= Work required =
Beginning at the top of the data below, restate every line word for word until the line containing "올해가 며칠 남지 않았다." has been included, and omit the pictures.

= Provided material =

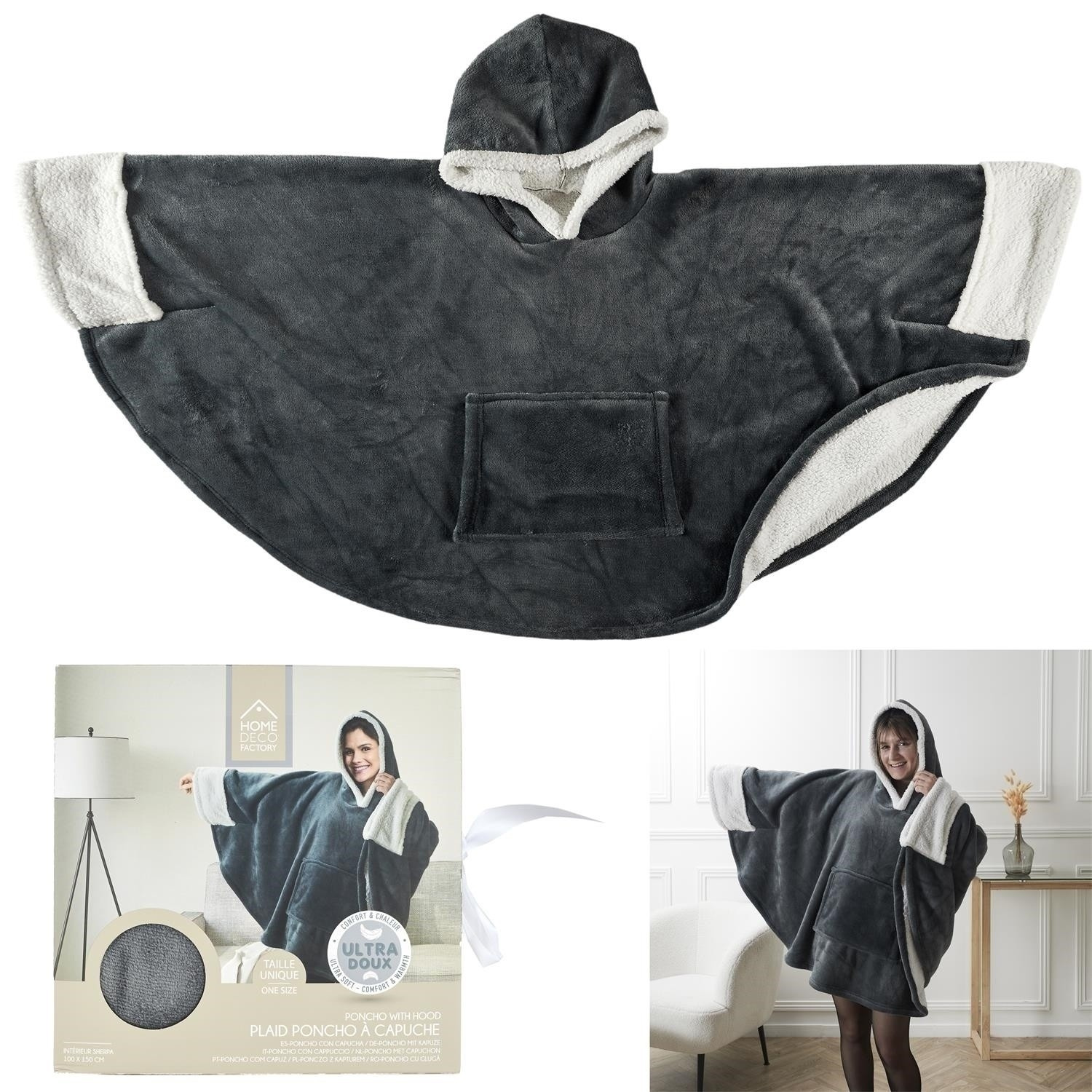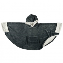 Meleg szövetből készült, fehér, puha béléssel, a poncsó jól beválik a hűvös estéken a teraszon vagy az őszi hideg napokon. A poncsó segít a regenerálódásban a téli átfagyás után. Kapucnival és zsebbel van ellátva, ahová például további dolgokat rejthetünk el. fagyott kezek.
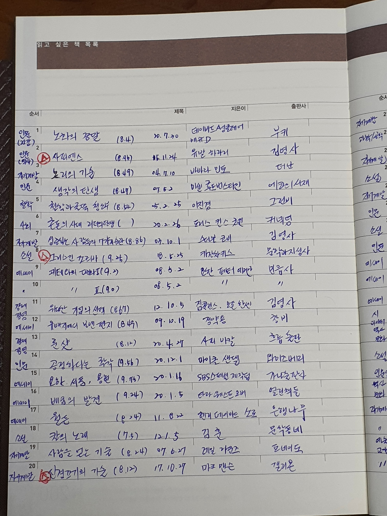 올해가 며칠 남지 않았다. 올해 가기 전에 내년 독서계획을 세우는 것은 어떠한가? 읽을 목표량을 정하고 절반 정도는 읽고 싶은 책을 찾아본다. 독서목록을 채우려면 한나절이 필요하지만 혹시 아는가? 이전과는 다른 놀라운 경험을 하게 될지도 모를 일이다.
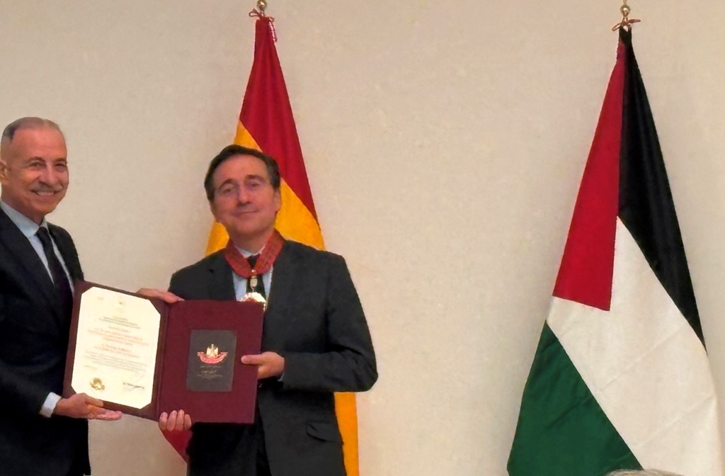 Albares recibió la Estrella al Mérito de la Orden del Estado de Palestina de manos del embajador, Husni Abdelwahed, que fue concedida por el presidente de la ANP, Mahmud Abbás.
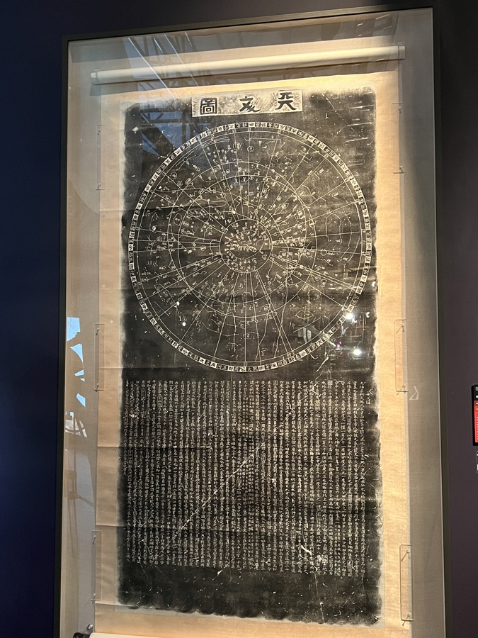 在雕塑右侧,《南宋天文图碑拓片》与之形成跨越时空的对话。这幅由南宋礼部尚书黄裳于淳祐七年(1247年)主持刻制的星图,不仅系统绘制了1434颗恒星,还标注了赤道、黄道、二十八宿等天文标记,其科学性和完整性远超同时期欧洲星图。现代天文学研究证实,该星图记载的星位与现代星表高度吻合。两件展品并置,既展现了东西方探索宇宙的不同路径,又共同诉说着人类对星空永恒的好奇与追寻。

= Written answer =
 Meleg szövetből készült, fehér, puha béléssel, a poncsó jól beválik a hűvös estéken a teraszon vagy az őszi hideg napokon. A poncsó segít a regenerálódásban a téli átfagyás után. Kapucnival és zsebbel van ellátva, ahová például további dolgokat rejthetünk el. fagyott kezek.
 올해가 며칠 남지 않았다. 올해 가기 전에 내년 독서계획을 세우는 것은 어떠한가? 읽을 목표량을 정하고 절반 정도는 읽고 싶은 책을 찾아본다. 독서목록을 채우려면 한나절이 필요하지만 혹시 아는가? 이전과는 다른 놀라운 경험을 하게 될지도 모를 일이다.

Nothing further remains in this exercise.